►
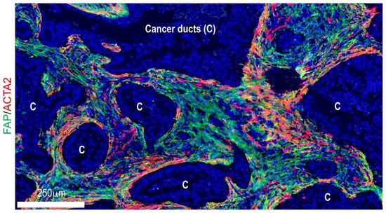 Visualization of fibroblast subpopulations in human pancreatic cancer tissues using fluorescent immunohistochemistry for ACTA2 and FAP.
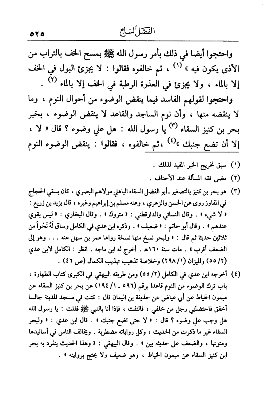 (¬٤) أخرجه ابن عدي في الكامل (٢/ ٥٥) ومن طريقه البيهقي في الكبرى كتاب الطهارة، باب ترك الوضوء من النوم قاعدا برقم (٥٩٦ - ١/ ١٩٤) عن بحر بن كنيز السقاء عن ميمون الخياط عن أبي عياض عن حذيفة بن اليمان قال: كنت في مسجد المدينة جالسا أخفق فاحتضنَنِي رجل من خلفي، فالتفت، فإذا أنا بالنبي - صلى الله عليه وسلم - فقلت: يا رسول الله هل وجب علي وضوء؟ قال: "لا حتى تضع جنبك". قال ابن عدي: "ولبحر السقاء غير ما ذكرت من الحديث، وكل رواياته مضطربة. ويخالف الناس في أسانيدها ومتونها، والضعف على حديثه بين". وقال البيهقي: "وهذا الحديث ينفرد به بحر بن كنيز السقاء عن ميمون الخياط، وهو ضعيف ولا يحتج بروايته".
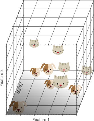 图4,三维空间中,能够找到一个超平面,来把猫和狗完美分类
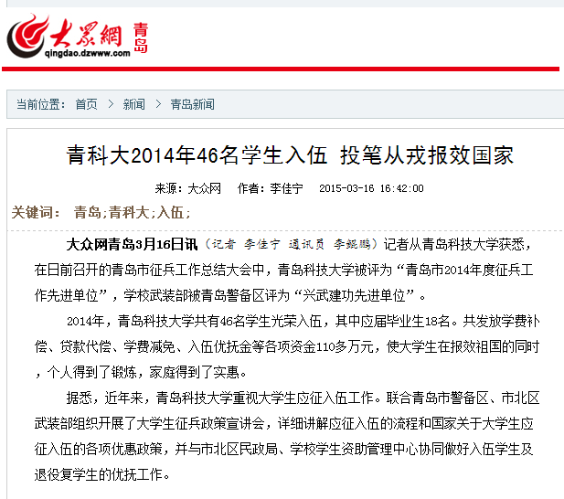 【大众网】青科大2014年46名学生入伍 投笔从戎报效国家
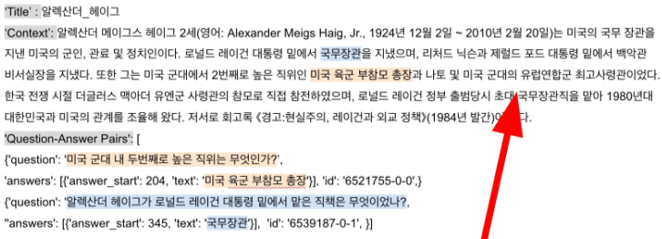 Title과 Context, Question-Answer Pairs로 이루어져 있다.
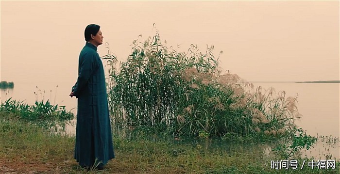一袭青衫,一丛绿色芦苇,一个叉手而立的身影,站在莽莽苍苍的江边,忧郁的眉头,深沉的目光,然后踱步。黄海冰没有说一句话,就把当时毛泽东的诗人气质和领袖风范演绎得淋漓尽致。想必此时,伟人一定在心中吟哦那首《菩萨蛮•黄鹤楼》吧——“茫茫九派流中国,沉沉一线穿南北。烟雨莽苍苍,龟蛇锁大江。”嗯,向语文老师强烈推荐这些镜头,讲解这首词的时候,就用它们来做《菩萨蛮•黄鹤楼》的课件吧。
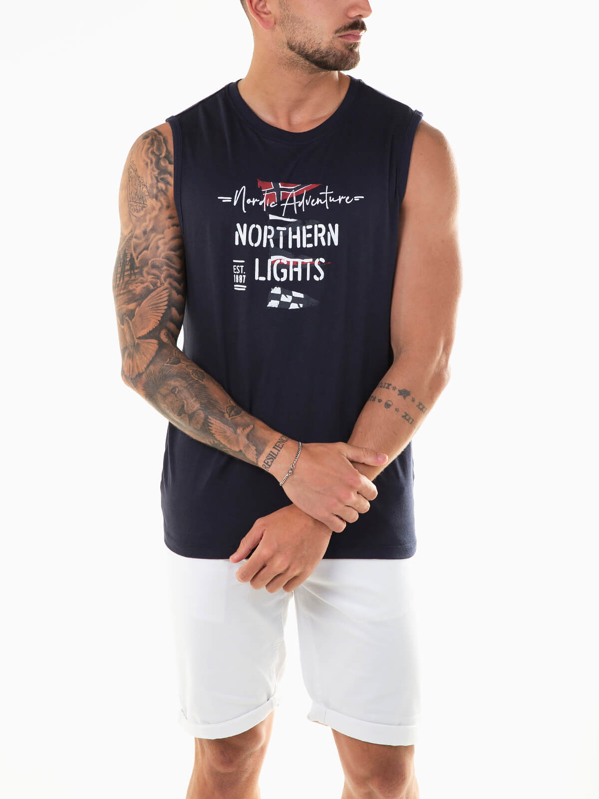 T-shirt azul marinho sem mangas para homem. T-shirt 100% algodão com estampado e gola redonda.
◄
▶ **EXERCISE DETAILS**:
From the first line to the last, retype the data exactly, without images.

▶ **REPLY**:
 Visualization of fibroblast subpopulations in human pancreatic cancer tissues using fluorescent immunohistochemistry for ACTA2 and FAP.
 (¬٤) أخرجه ابن عدي في الكامل (٢/ ٥٥) ومن طريقه البيهقي في الكبرى كتاب الطهارة، باب ترك الوضوء من النوم قاعدا برقم (٥٩٦ - ١/ ١٩٤) عن بحر بن كنيز السقاء عن ميمون الخياط عن أبي عياض عن حذيفة بن اليمان قال: كنت في مسجد المدينة جالسا أخفق فاحتضنَنِي رجل من خلفي، فالتفت، فإذا أنا بالنبي - صلى الله عليه وسلم - فقلت: يا رسول الله هل وجب علي وضوء؟ قال: "لا حتى تضع جنبك". قال ابن عدي: "ولبحر السقاء غير ما ذكرت من الحديث، وكل رواياته مضطربة. ويخالف الناس في أسانيدها ومتونها، والضعف على حديثه بين". وقال البيهقي: "وهذا الحديث ينفرد به بحر بن كنيز السقاء عن ميمون الخياط، وهو ضعيف ولا يحتج بروايته".
 图4,三维空间中,能够找到一个超平面,来把猫和狗完美分类
 【大众网】青科大2014年46名学生入伍 投笔从戎报效国家
 Title과 Context, Question-Answer Pairs로 이루어져 있다.
一袭青衫,一丛绿色芦苇,一个叉手而立的身影,站在莽莽苍苍的江边,忧郁的眉头,深沉的目光,然后踱步。黄海冰没有说一句话,就把当时毛泽东的诗人气质和领袖风范演绎得淋漓尽致。想必此时,伟人一定在心中吟哦那首《菩萨蛮•黄鹤楼》吧——“茫茫九派流中国,沉沉一线穿南北。烟雨莽苍苍,龟蛇锁大江。”嗯,向语文老师强烈推荐这些镜头,讲解这首词的时候,就用它们来做《菩萨蛮•黄鹤楼》的课件吧。
 T-shirt azul marinho sem mangas para homem. T-shirt 100% algodão com estampado e gola redonda.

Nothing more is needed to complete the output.